Time is the biggest enemy of internal web teams

Internal web teams are in my experience always under resourced and over worked. This has two consequences.

First, they become bogged down in day to day maintenance. They rarely have the time to evolve the website. Instead they become a service department delivering whatever functionality or content other departments demand. Rarely do they get to step back and look at the bigger picture. They just don’t have the time to optimise either the design or its codebase.

The second consequence of under resourcing internal web teams is that they don’t have the time to learn. The web moves at such a blistering rate and it takes time for web professionals to stay ahead of the curve. They need time to experiment, attend conferences, make mistakes and just sit learning.

This lack of time shows on the website. The design becomes inconsistent because there is no central repository of design styles. The code too becomes messy and hard to manage. This is not a failure of the internal web team, its a failure in management.

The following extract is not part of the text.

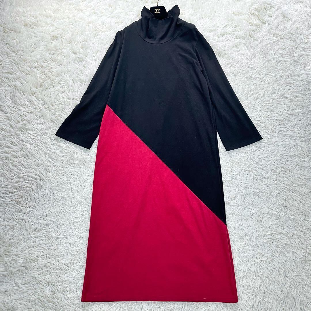 バイカラーの切り替えが印象的な、kujakuのハイネックロングワンピース。
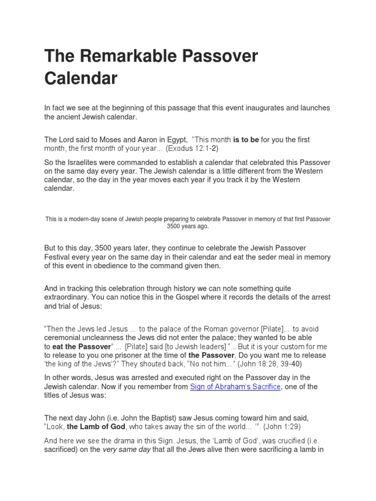 Passover 2020 Calendar World Events and the Bible

Over time the mess becomes noticed and management call in an outside agency to fix things. They ask this agency to build a new site, but is that the answer?

There is not a black and white answer to this. It depends on the organisation. But increasingly we are not delivering a full website or even front end templates.

Saving time and improving sites

Instead we are focusing on the creation of pattern libraries and design frameworks. In other words we are helping create a collection of reusable elements. The existing team can then use these across the site. This enforces consistency and also increases efficiency. Combined with a site wide grid system, building pages now becomes easier. This frees up time for the internal web team to work more strategically on the site.

In some cases we are even able to integrate these elements into the CMS. This means anybody within the organisation can create new pages in much the same way you assemble blocks of lego. This in turn reduces the workload for the internal team.

By reusing these ‘modules’ across the site you can be sure of consistency both in the visual appearance and code. This makes life easier if you ever want to update a module. Change the CSS in one place and every module updates.

It is also important to note that how we deliver these design elements is just as important as what we deliver.

Giving ownership and increasing skills

When producing work for an internal web team, it is vital not to work in isolation. You need to create a single team that includes members from the agency and the organisation. This has become known as codesign and I believe it is the future of the agency/client relationship.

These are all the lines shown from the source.